Chissà in quale aspetto lo avrebbe incontrato?

Re Bowser e la regina Peach avevano stabilito la regola secondo cui i Toadstool Koopa che presenziavano al medesimo evento dovevano mostrarsi o tutti draghi o tutti umani. La tradizione aveva avuto inizio dal giorno del matrimonio tra i due sovrani, quando i Koopa avevano partecipato in forma umana. Durante gli incontri politici seguenti, la regina aveva fatto sfoggio della sua maestosità draconica a fianco del consorte affinché il mondo potesse abituarsi alla duplice novità.

Per Lucilla in fin dei conti era indifferente: drago o umano, Ludwig restava l’individuo più affascinante sulla faccia dell’universo, brillante, misterioso, imprevedibile. Ogni parola che gli scivolava dalle labbra era scelta e ponderata. Lo sguardo penetrante e fiero rivelava una personalità che da sola sapeva tenere a bada gli altri sette cicloni della famiglia Toadstool Koopa e, quando eri chiamato a corrisponderlo, potevi sentirlo scorrerti dentro ad analizzare la tua essenza. Il sorriso, con un incisivo lievemente sovrapposto (la perfezione era talmente noiosa), non era mai regalato, ma custodito gelosamente per pochi fortunati; la chiostra di denti bianchi non si spalancava alle risate tonanti e tipiche del padre e dei fratelli, ma ne sgorgava un riso roco, basso e profondo.
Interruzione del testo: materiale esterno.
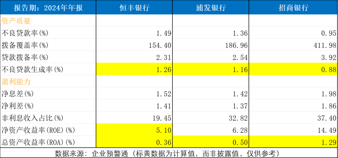 从下图来看,恒丰银行资产质量不及浦发银行,盈利能力各有千秋,但核心的ROE、ROA指标也较浦发银行有不小的差距。至于与招商银行相比,的确没有比较的必要。
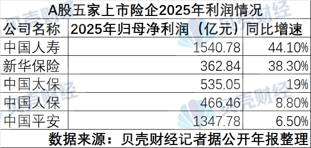 2025年,A股五家上市险企归母净利润合计约4252.91亿元。其中,中国人寿归母净利润增速最高,同比增44.1%至1540.78亿元,新华保险归母净利润同比增38.3%至362.84亿元,中国太保、中国人保、中国平安归母净利润增速分别为19%、8.8%及6.5%。

Sarebbe stato felice di rivederla? Glielo avrebbe detto? No, perché non era da Ludwig concedersi smancerie ma, forse, le avrebbe fatto dono di un complimento per il vestito. Sul volto solitamente austero sarebbe affiorato quel sorriso morbido e affettuoso, da fratellone protettivo, che era riuscito a far breccia nella corazza della fragile Lucilla.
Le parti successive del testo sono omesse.